Feeling their lives are “irredeemably spoiled" and believing there is no hope for advancement or satisfaction as an individual, true believers seek "self-renunciation" (letting go of their own wishes, desires, or ambitions) to find hope within a wider movement. These formerly empowered incumbents who believe they have been left behind are the most likely source of converts for “replacement theory” movements, for they recall their former wealth with resentment and blame others for their current misfortune. This is the roadmap for rising autocrats. They reinforce to a massive group that they have been left behind, place the blame on an easily identifiable slice of society, hammer home the “truth” of the resulting conspiracy theory and attack any effort to substitute reality for the conspiracy theory. The culture war against any opposing thought becomes an essential part of their effort.

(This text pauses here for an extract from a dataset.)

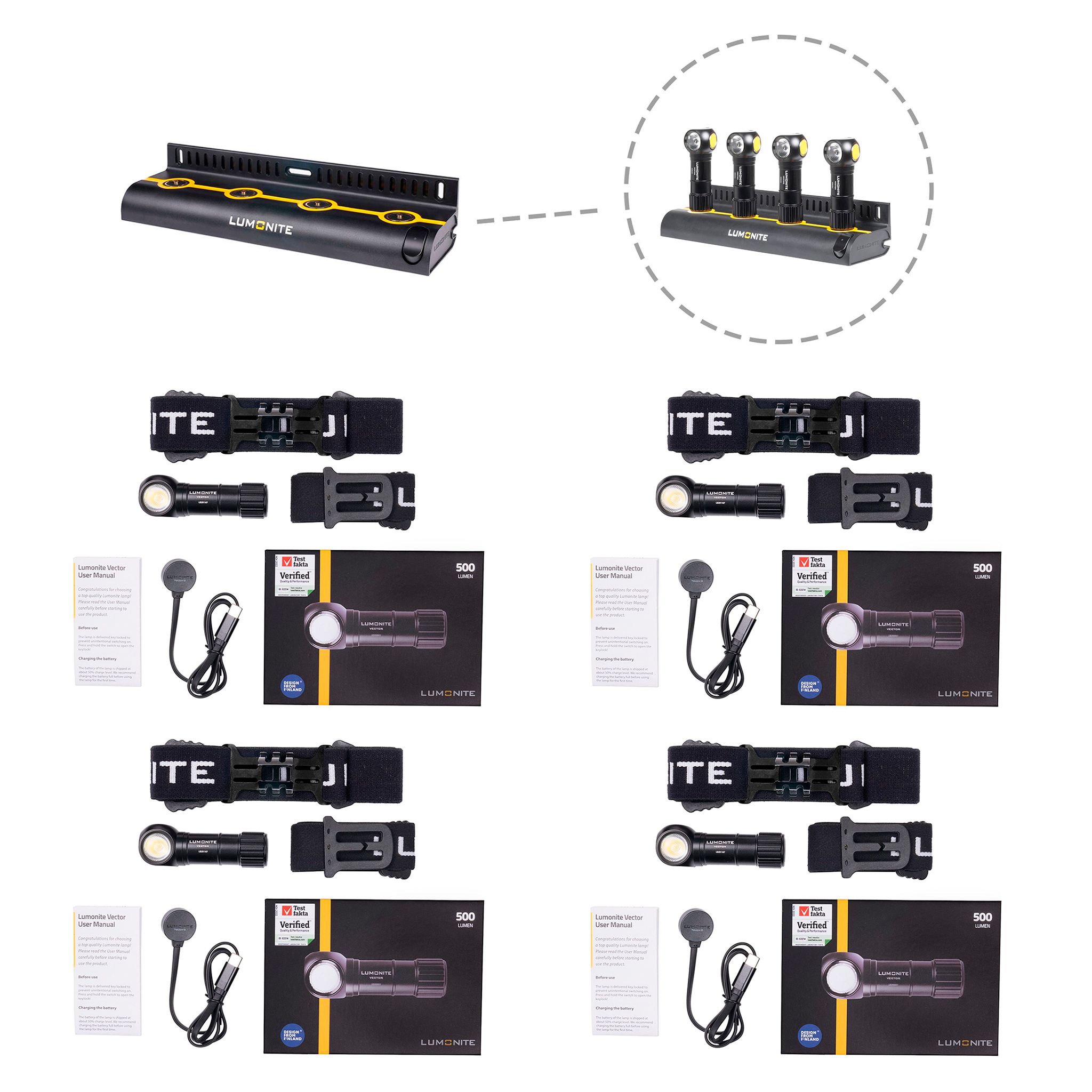 Pannlampa LUMONITE Vector V2 - 500 lm / Laddbar, 4 x Grundpaket + Laddstation
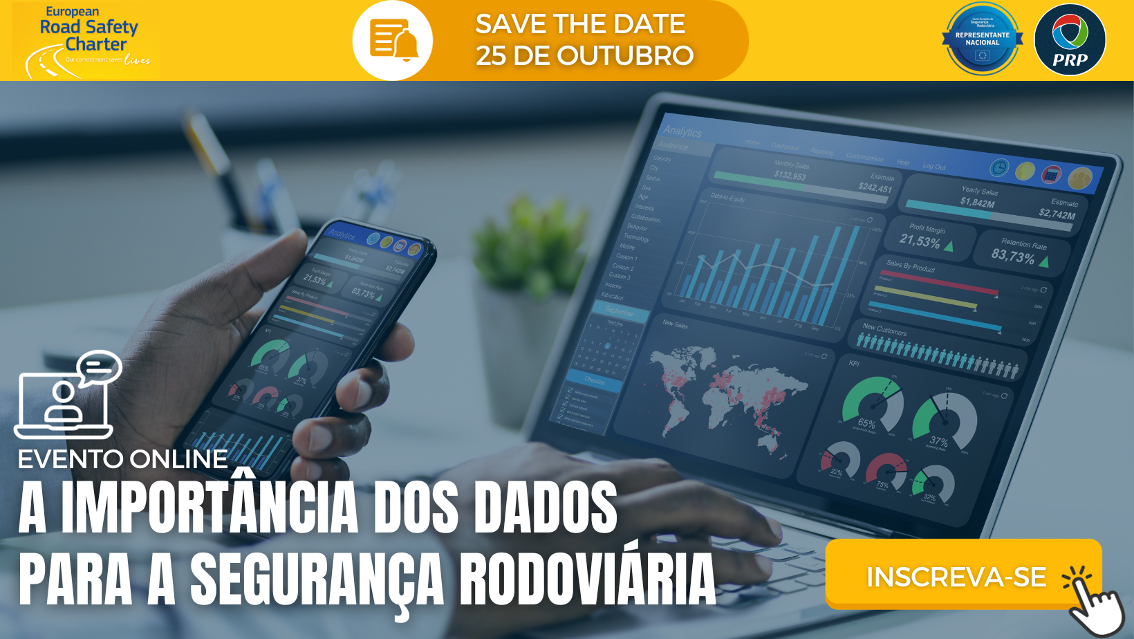 A Prevenção Rodoviária Portuguesa, como representante nacional da Carta Europeia de Segurança Rodoviária, tem a honra de convidar V. Exa. a assistir à conferência “A importância dos dados para a Segurança Rodoviária” que será transmitida via streaming, no dia 25 de outubro de 2023.

This US effort lifted from a generic feeling of amorphous discontent into mainstream thought with Donald Trump’s presidency, was exacerbated by his 2016 Democratic opponent Hillary Clinton’s reference to the Trump’s followers as “deplorables,” and accelerated through his de facto presidential legitimization of White supremacy and toxic immigration by people of color. But this MAGA platform has now shifted to Ron DeSantis, clearly evidenced by the Florida Governor’s “Stop Woke Act.” He has successfully led a large red state charge to ban teaching at all levels of education (from elementary school well into college) of any historical facts that would diminish the power of the underlying conspiracy theories and White supremacy.

As we watch the reconfigured Republican Party become nothing more than a vessel for such MAGA beliefs, we are watching a dangerous and exceptionally well-armed faction of deeply discontented White Americans, who truly believe they are being left behind.

I’m Peter Dekom, and those zealots that F Scott Fitzgerald once described as “stupid” and “dislikeable” are exceptionally angry and even more exceptionally well-armed.